Velar por el ciudadano

La Agencia Española de Protección de Datos es el organismo encargado de velar por los derechos de los ciudadanos en lo que se refiere al tratamiento informático de sus datos. La crisis económica ha provocado un espectacular crecimiento de la morosidad, por lo que las empresas «cazadeudas» han comenzado a endurecer sus métodos de cobro. En la AEPD el trabajo se ha multiplicado a causa de esto, según se desprende de las cifras del primer semestre del año.

Si en los últimos seis meses de 2007, el número total de denuncias ciudadanas sobre el cobro de deudas se contabilizaba en un total de 194, esta cantidad se incrementa hasta las 345 quejas en el primer semestre de este año. En lo que se refiere a los ficheros de solvencia patrimonial y de crédito (aquellas quejas referidas sólo a las personas que aparecen en listas de morosos), el salto es mucho más espectacular: de 116 denuncias en el último semestre de 2007 a las 207 que se han contabilizado de enero a junio de 2008. «Estos datos -explican desde la AEPD- se refieren sólo al primer semestre de 2008, cuando la crisis estaba empezando a dar la cara, por lo que todo indica que van a existir muchas más quejas de ciudadanos en los últimos meses del año, cuyos datos no podremos manejar hasta que se cierre el ejercicio».

¿Qué puede llevar a un ciudadano a presentar quejas sobre los datos informáticos que se manejan públicamente sobre él?
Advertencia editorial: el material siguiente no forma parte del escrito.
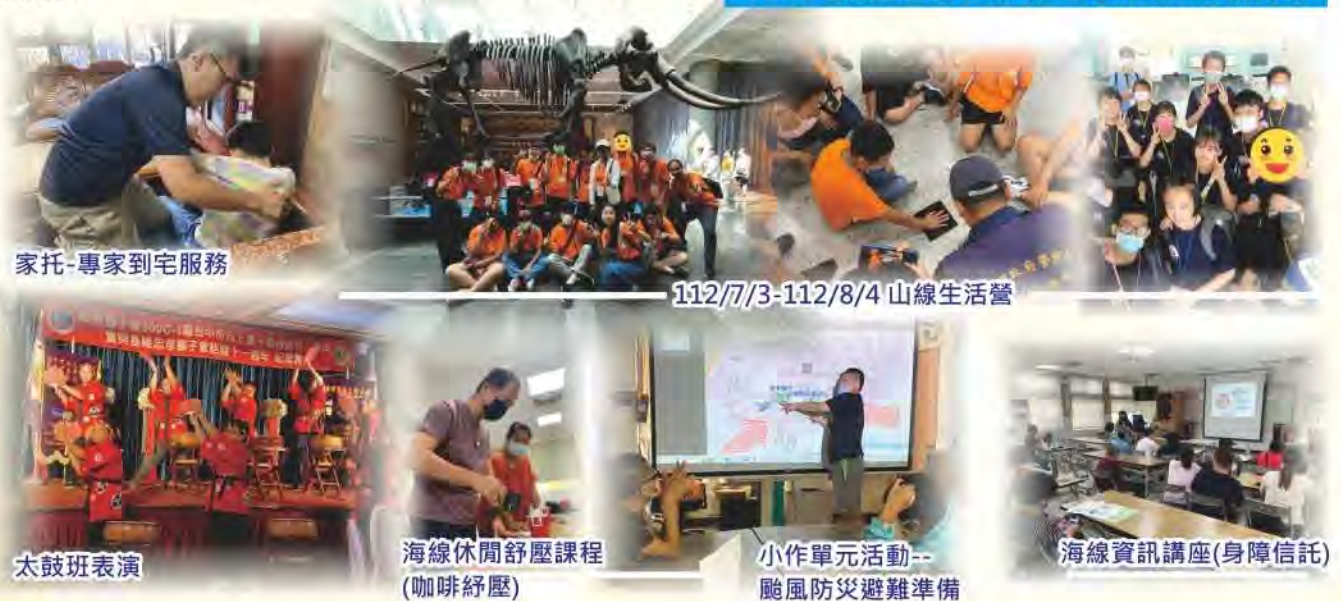
家托-專家到宅服務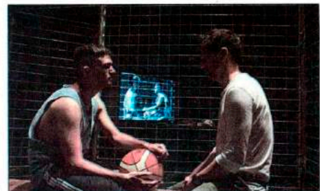
'Tebas Land', en Timbre 4.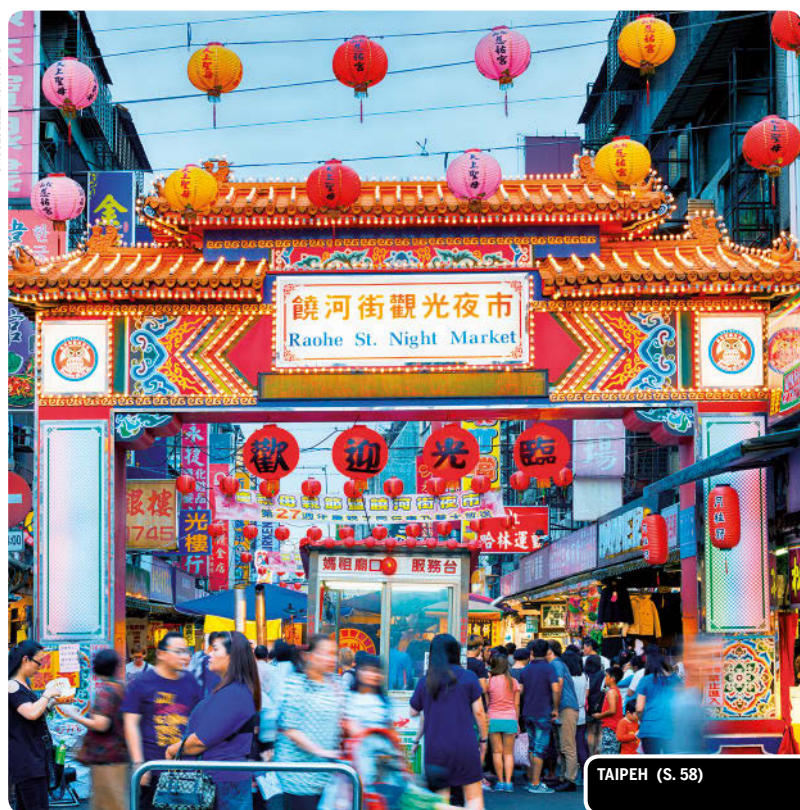
TAIPEH (S. 58)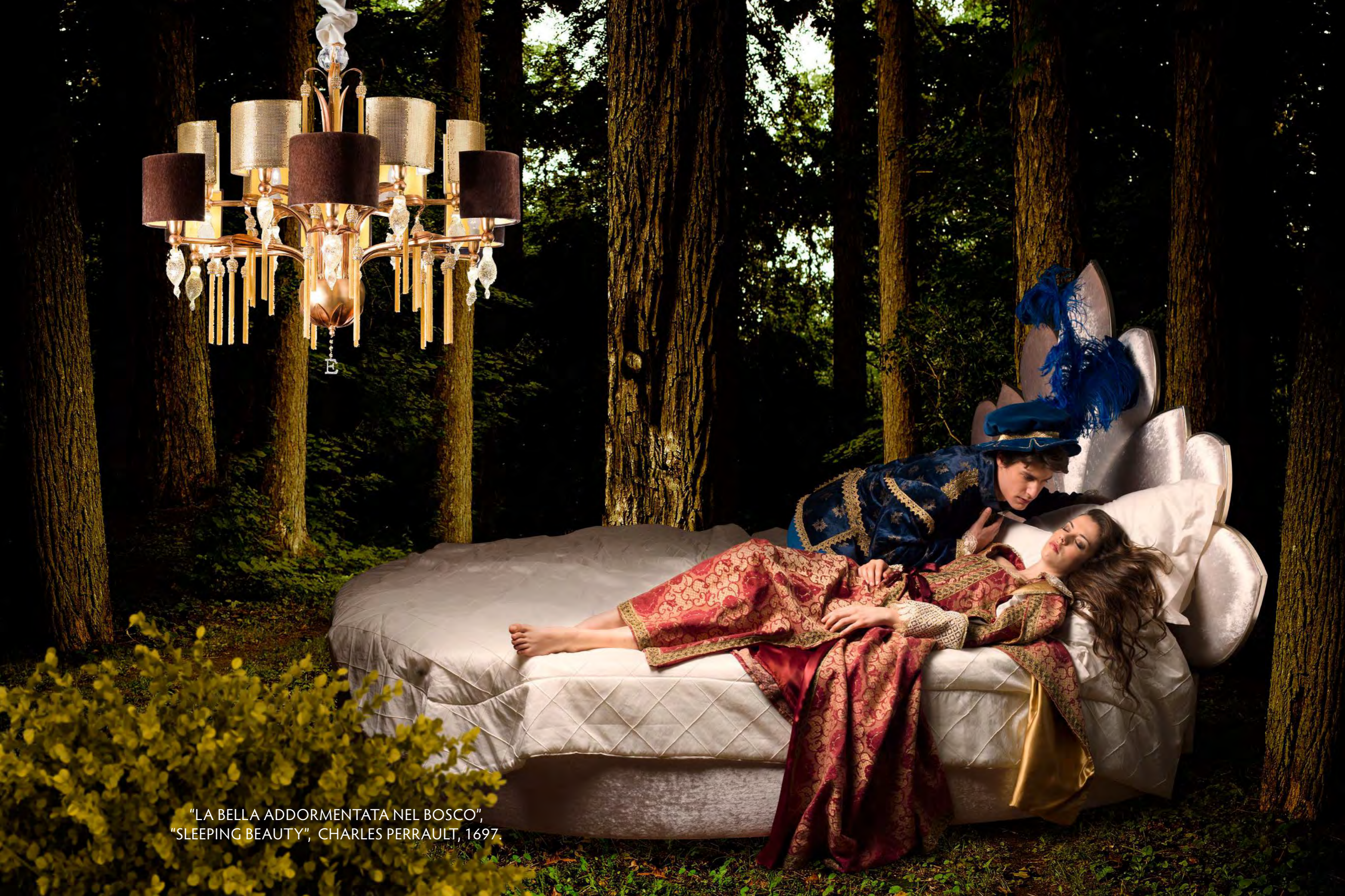
"LA BELLA ADDORMENTATA NEL BOSCO", "SLEEPING BEAUTY", CHARLES PERRAULT, 1697.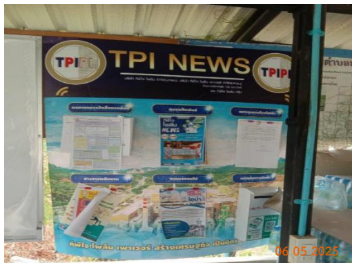
บ้านผู้ใหญ่ หมู่ 12 ต.มวกเหล็ก ที่ทำการผู้ใหญ่บ้าน ม.12

โครงการเหมืองแร่หินอุตสาหกรรมชนิดหินปูน เพื่ออุตสาหกรรมปูนซีเมนต์ สำหรับแปลงคำขอประทานบัตรที่ 12/2556 ร่วมแผนผังโครงการทำเหมืองเดียวกัน กับคำขอประทานบัตรที่ 13/2556, คำขอประทานบัตรที่ 14/2556, คำขอประทานบัตรที่ 15/2556, คำขอประทานบัตรที่ 16/2556 และคำขอประทานบัตรที่ 17/2556 และประทานบัตรที่ 27340/14390 ประทานบัตรที่ 27341/14391 และประทานบัตรที่ 27348/14392 ของบริษัท ทีพีโอ โพลีน จำกัด (มหาชน) ระหว่างเดือนมกราคม-มิถุนายน พ.ศ. 2568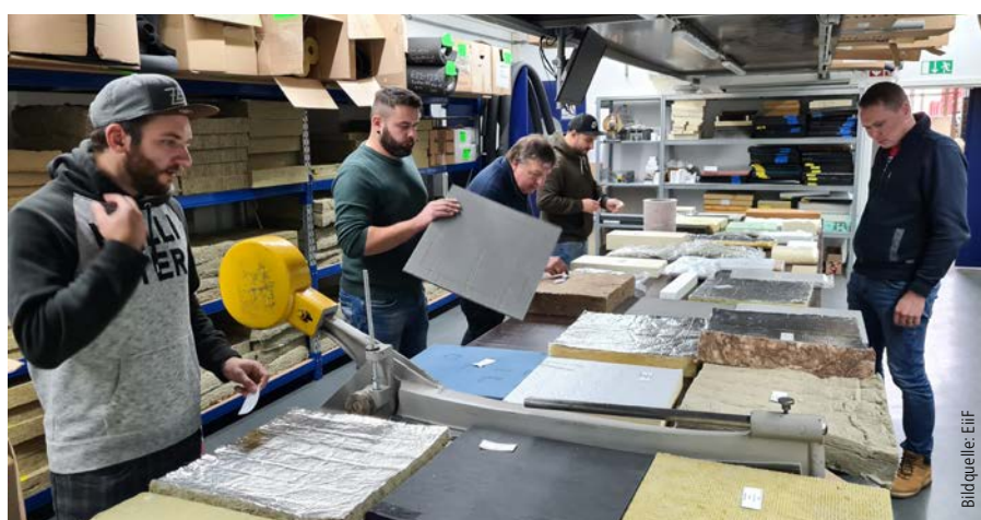
Abb. 4: TIPCHECK Training: Dämmstoffmemorie – verschiedene Dämmstoffe erkennen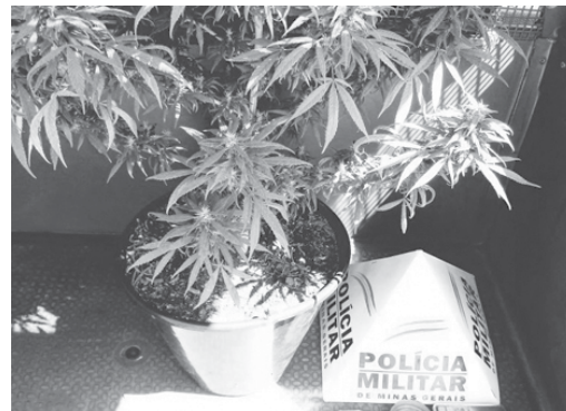
Mulher cultivava pé de maconha em sua residência, no Rosentina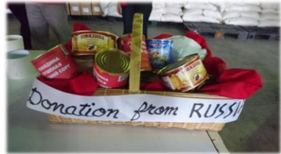
Рис. 5. Продуктовая «корзина» гуманитарной помощи 45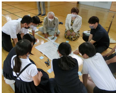
【6月15日 学校運営協議会】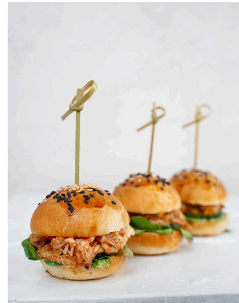
MINI burgeris su plėšyta BBQ kauliena 16 vnt - 28 Eurai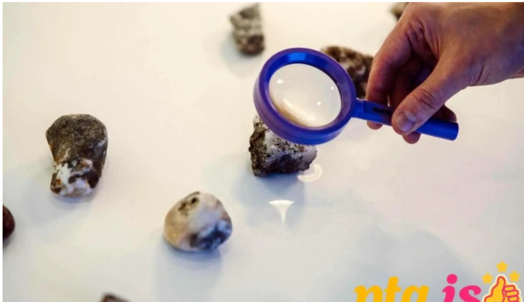
Naturufraedistofa kopavogs natturusogusafn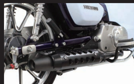
装着写真(ブラックプロテクター)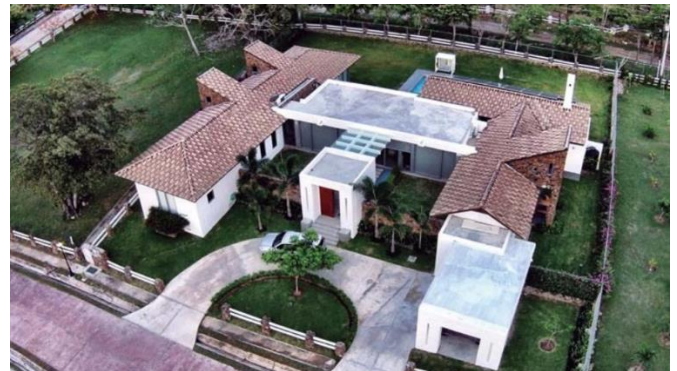
Figura 4. Villa Lucía. Punta Barco, Panamá.

Su fachada principal tiene un muro de piedra interrumpido por un cubo que cumple función de vestíbulo. Al abrir la puerta, nos sorprende un puente sobre un espejo de agua con jardín a ambos lados, muy similar al del patio de Acequia que tanto admiraba Salmona. Este espacio abierto conduce al área social de la vivienda que permite visualizar toda la casa. Su planta tiene forma de "H", el área privada se encuentra en el ala izquierda, el área social en el centro y las áreas de servicio en el ala derecha. Siguiendo el recorrido central y dando continuidad a los espejos de agua de la entrada, llegamos a la piscina. [15] Está ubicada en la parte posterior y a nivel del suelo al igual que en la casa de García Márquez.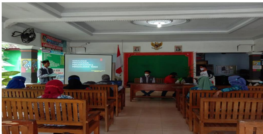
Gambar 3: Sosialisasi Pemberdayaan dan Pemanfaatan Tanaman Toga “jahe”

Dalam kegiatan penyuluhan serta pelatihan tanaman toga yang mana bisa untuk menambah imun tubuh, serta melibatkan warga desa Sarimulyo oleh ibuibu PKK. Adapun tema dari kegiatan ini adalah penanaman dan pengolahan tanaman toga untuk menambah imun, tentunya disini kami juga memberikan pendampingan cara pemasaran dan pemanfaatan tanaman toga “jahe”.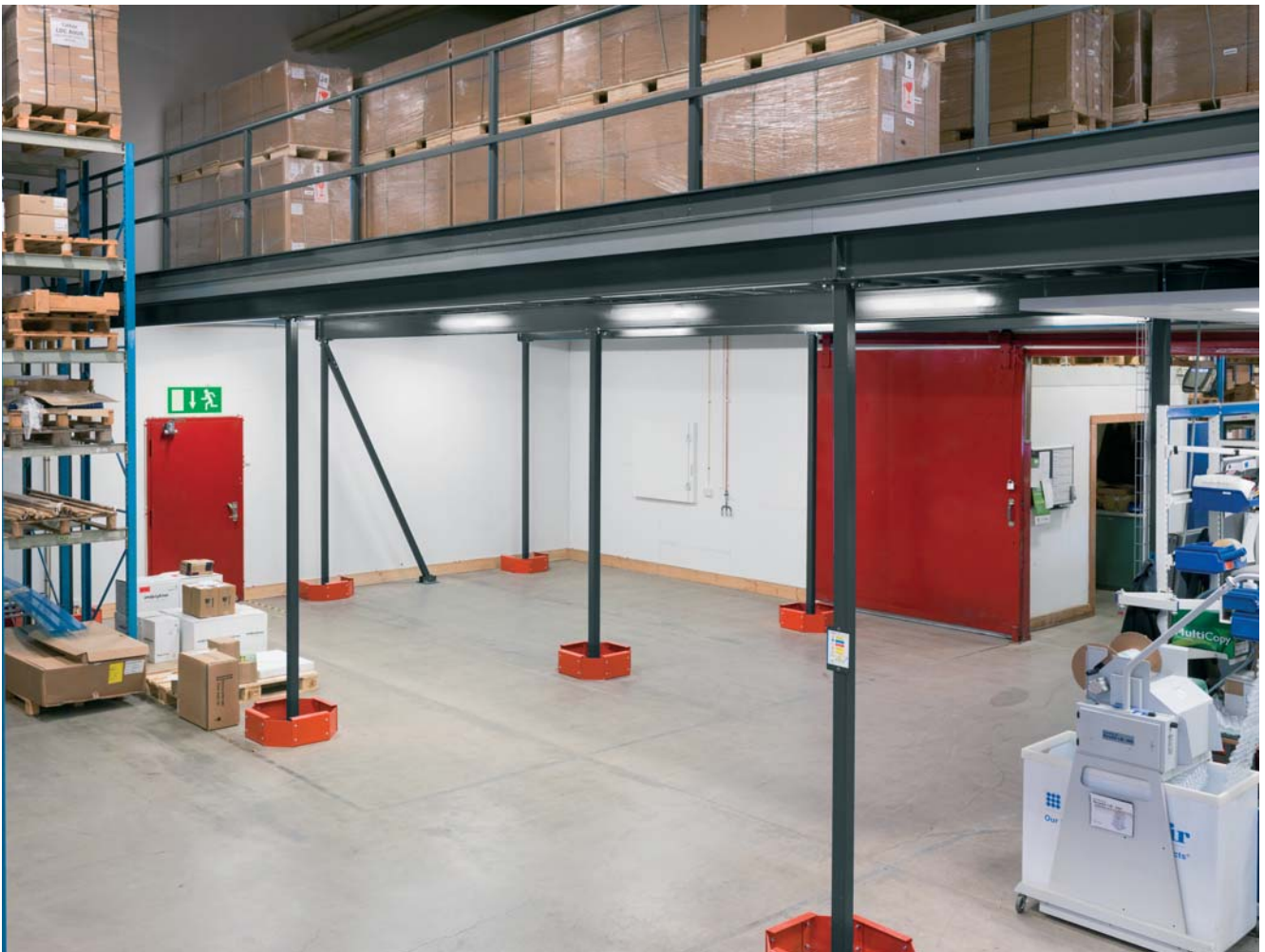
En entresol ger ett extra golvplan och frigör användbar golvyta.

Teniendo en cuenta que aparecer, justa o injustamente, en un fichero de este tipo puede condicionar su solvencia ante futuros créditos e incluso incidir en las cuentas de su empresa (llevándola incluso a la quiebra), los motivos sobran.

Irregularidades

Según explican desde la AEPD, las irregularidades más frecuentes se suelen referir a la falta de atención de las peticiones de cancelación o rectificación, por no reflejar la situación real del moroso, por no notificarle al afectado su inclusión en el fichero o por mantener los datos por un período superior a los seis años. Pero aun cumpliendo lo marcado en la ley, el ciudadano es susceptible de sentirse afectado. De hecho, la propia Agencia Española de Protección de Datos decidió sancionar este septiembre a una empresa cobra deudas por emplear tácticas de cobro abusivas y vulnerar el deber de secreto.

Recurrir a la AEPD no es la única vía para subsanar el error o modificar nuestros datos en un listado de morosos. De hecho, la normativa al respecto contempla como primera vía la reclamación particular, aunque hay que resaltar que la mayoría de las iniciativas de los ciudadanos acaban en el listado de quejas que manejan en la Asociación Española de Protección de Datos.